Dunque, rientrando nel merito: io sono fra coloro (molti a dire il vero) i quali ritengono che con l’indicazione elettorale del presidente del Consiglio regolata da un’adeguata legge elettorale (per esempio riprendendo l’Italicum sia pure con le correzioni imposte dall’infausta giurisprudenza costituzionale) di elezione giuridicamente diretta non ci sarebbe affatto bisogno e molte cose andrebbero a posto da sé: se solo al presidente del Consiglio si attribuissero i poteri giuridici comunque indispensabili.
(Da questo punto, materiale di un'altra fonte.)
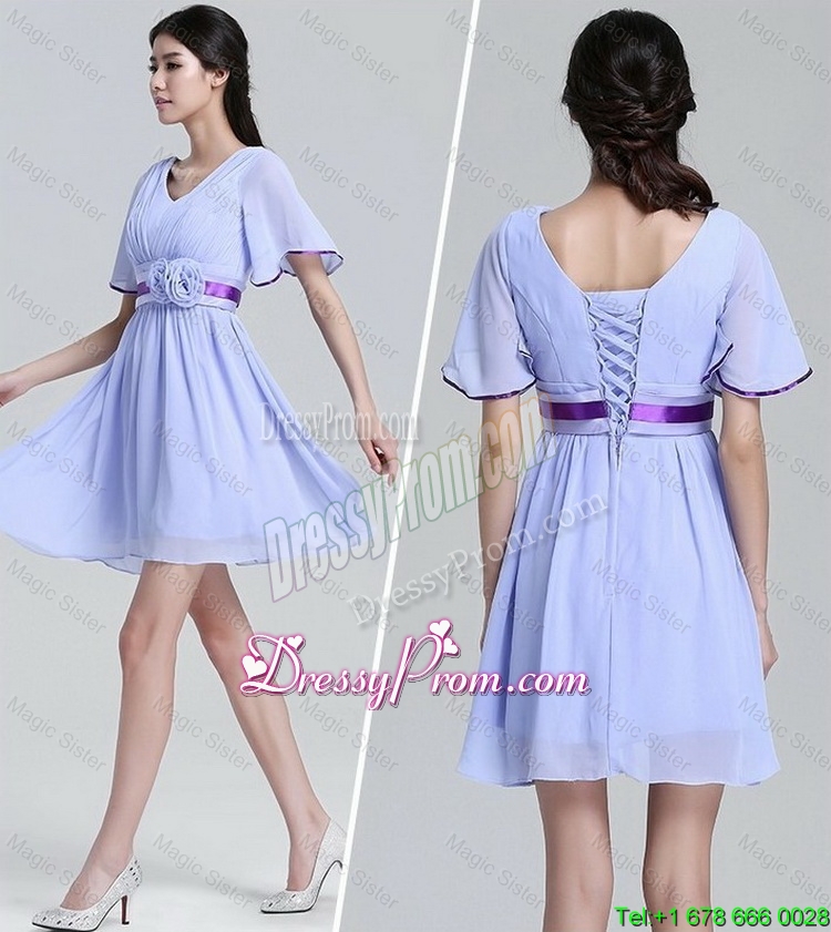 Neckline : V-neck Shown Color : Lavender Silhouette : Short Sleeve Length : short sleeves Hemline : mini length Back Detail : Lace up Fabric : Chiffon Embellishment : Hand Made Flower Occasion : Prom,Party,Cocktail,Homecoming,Graduation Season : Spring,Summer,Fall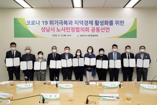 [성남=로컬라이프] 송준형 기자 = 성남시 노사민정협의회(위원장 은수미 성남시장)는 5월 12일 오후 2시 시청 2층 회의실에서 코로나19 경제 위기 극복과 고용안정을 위한 공동선언문을 발표했다.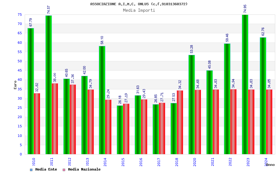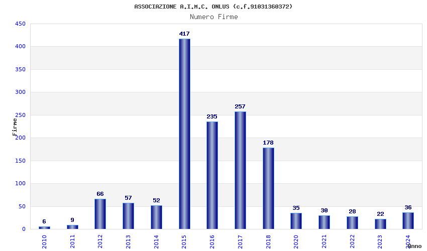 | Anno | Firme | Importi | Media | Naz. | Reg. | Prov. | Comu. |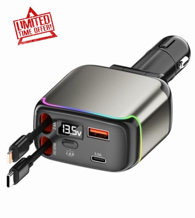 XXZU 137W Retractable Car Charger,4-in-1 USB Car Charger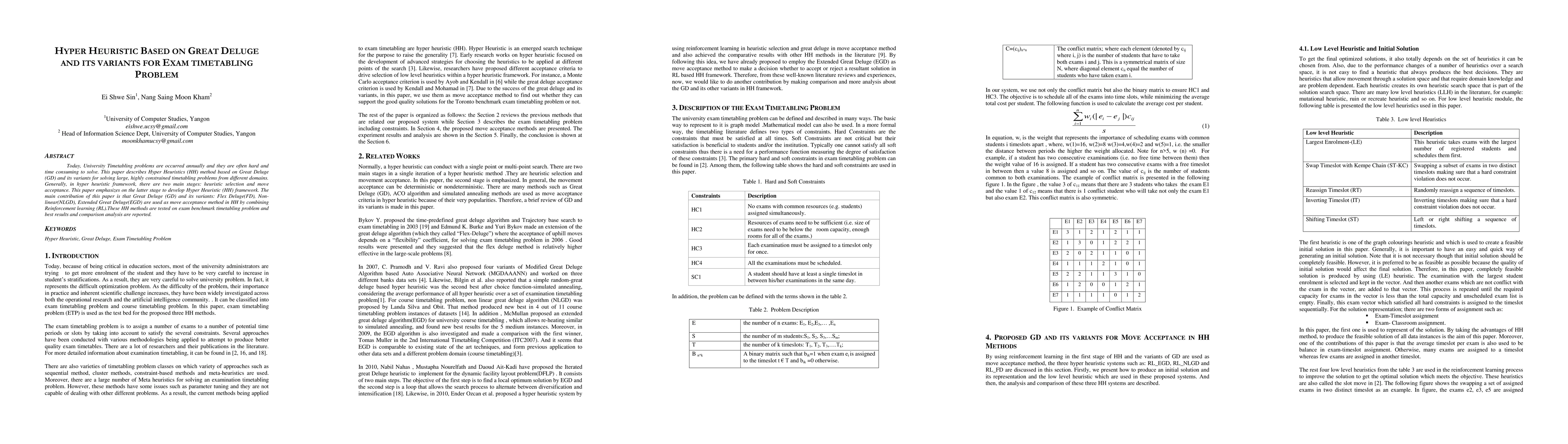 This paper proposes a hyper heuristic approach using Great Deluge variants to solve large timetabling problems, achieving better results with reinforcement learning, and demonstrating its effectiveness on an exam benchmark problem.

Tuttavia penso che si debba essere realisti: che dopo aver rinunciato all’etichetta del presidenzialismo, Meloni rinunci anche all’elezione diretta tout court, resta auspicabile ma a me pare improbabile (sarebbe, peraltro, ciò che la trasformerebbe da ottima e capace politica, quale ha già mostrato di essere, una vera statista). Vedremo.
Qual’è allora il minimo sindacale per rendere votabile (in quanto sufficientemente coerente e potenzialmente funzionale), dal punto di vista dei riformisti, il testo Casellati-Meloni?
Mi limito qui, in conclusione, a un mero elenco: a) eliminare il voto di fiducia iniziale, superfluo e dannoso; b) abolire la norma c.d. antiribaltone (è un incentivo ai ribaltoni e produce contraddizioni intollerabili) e sostituirla, in nome di una minima eccezionale flessibilità con una norma che permetta (sempre) la formazione di governi d’unità nazionale, cui però il Parlamento debba conferire la fiducia con la maggioranza del 60% o dei due terzi dei componenti (non sarebbe “ribaltone” perché non potrebbe nascere senza il consenso di gran parte della maggioranza del presidente uscente, magari confermato); c) attribuzione al premier demoeletto del potere pieno di nomina e revoca dei ministri; d) attribuzione al premier demoeletto del potere di determinare l’indirizzo politico del governo (come in Germania); e) riscrittura dei riferimenti alla legge elettorale e presentazione contestuale di una congrua proposta di legge elettorale, nella quale il ballottagio non può non trovar posto; f) introduzione dell’ulteriore norma stabilizzatrice che preveda l’incompatibilità fra incarico ministeriale e parlamentare; g) prevedere il limite dei due mandati pieni.
P.S. Naturalmente ci sarebbero tante altre riforme da fare a partire da quella del bicameralismo. Ma non è più tempo di riforme organiche, pare. Soprattutto sarebbe opportuno che in proposito tacessero quanti ai tempi della riforma Renzi-Boschi ci tolsero la vita rivendicando l’inopportunità e taluno perfino l’illegittimità costituzionale di revisioni organiche, pretendendo a gran voce, nel contempo, un distinto e separato referendum per ogni singolo istituto sottoposto a modifica.